SQL Query Analyzer

A multi-model system for analyzing natural language queries for SQL generation. Provides query classification, complexity analysis, and schema relevance ranking for text-to-SQL systems.

✨ Features

Feature	Model	Accuracy	Use Case
Query Analyzer	DistilBERT	83.2%	Classify query complexity, type, keywords
Schema Ranker	Sentence-BERT	80% recall	Pre-filter tables for RAG systems

🎮 Try the Interactive Demo →

🚀 Quick Start

# 1. Setup
./setup.sh

# 2. Download pre-trained models (recommended)
huggingface-cli download amannirala13/squery-lens-models --local-dir ./models

# Or train from scratch (~1 hour total)
# ./train.sh           # Query Analyzer (~16 min)
# ./train_ranker.sh    # Schema Ranker (~46 min)

# 3. Test
./analyze.sh "Find customers who spent more than 1000"
./rank.sh "Show all orders" "customers,orders,products,logs"

# 4. Demo
python demo_ranker.py

📦 Models & Data (Hugging Face Hub)

Resource	Link	Size
Pre-trained Models	amannirala13/squery-lens-models	1.6 GB
Training Datasets	amannirala13/squery-lens-data	262 MB

# Download models only
huggingface-cli download amannirala13/squery-lens-models --local-dir ./models

# Download datasets (for training from scratch)
huggingface-cli download amannirala13/squery-lens-data --local-dir ./data --repo-type dataset

📁 Project Structure

sql_classifier/
├── src/
│   ├── model/                    # Query Analyzer (DistilBERT)
│   ├── schema_ranker/            # Schema Ranker (Sentence-BERT)
│   │   ├── ranker.py             # Python API for RAG integration
│   │   └── train.py
│   ├── training/
│   └── api/
│
├── models/
│   ├── best_model_enhanced.pt    # Query Analyzer
│   └── schema_ranker/            # Schema Ranker
│
├── # Scripts
├── setup.sh          # Install dependencies
├── train.sh          # Train Query Analyzer
├── train_ranker.sh   # Train Schema Ranker
├── serve.sh          # Start API server
├── analyze.sh        # Analyze a query
├── rank.sh           # Rank tables
└── demo_ranker.py    # Interactive demo

📊 Query Analyzer

Classifies natural language queries to help route and optimize SQL generation.

Outputs

Complexity: simple, medium, complex
Category: Data Manipulation, Schema Definition, etc.
Subcategories: Read, Write, Aggregation, Filtering, Joining
Keywords: SELECT, JOIN, WHERE, GROUP BY, etc.
Estimated Tables: 1, 2, 3+

Usage

$ ./analyze.sh "Calculate total revenue by product category"

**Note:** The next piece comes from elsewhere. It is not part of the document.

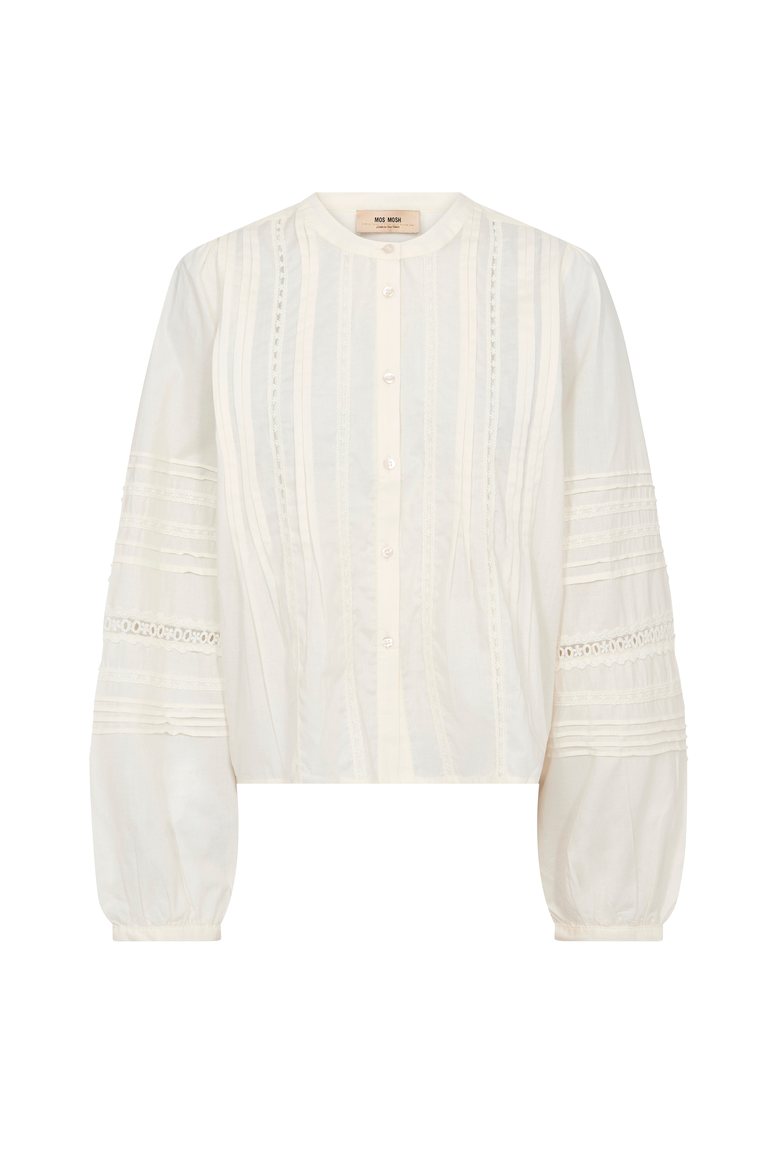• Semitransparent bluse med plisserede detaljer og dekorativ blonde• Rund halsudskæring• Knapper foran• Lange pufærmer med tynde manchetter ved manchetterne

Complexity:     medium (92.8%)
Category:       Data Manipulation (99.7%)
Subcategories:  ['Read', 'Aggregation', 'Grouping']
Keywords:       ['SELECT', 'FROM', 'GROUP BY', 'AS']
Est. Tables:    1

🎯 Schema Ranker

Ranks tables/columns by relevance to a natural language query.

When to Use

Scenario	Schema Ranker Needed?
RAG uses general embeddings (OpenAI, Cohere)	✅ Yes - domain-specific ranking
RAG already has SQL-tuned embeddings	❌ Redundant
100+ tables, need fast pre-filtering	✅ Yes - 7ms for 500 tables
Schema already in RAG vector DB	❌ Query RAG directly

CLI Usage

# Simple table names
./rank.sh "Find customer orders" "customers,orders,products,logs"

# Full schemas (use | separator)
./rank.sh "Find customer orders" \
  "customers (id, name, email)|orders (id, customer_id, total)|products (id, name, price)"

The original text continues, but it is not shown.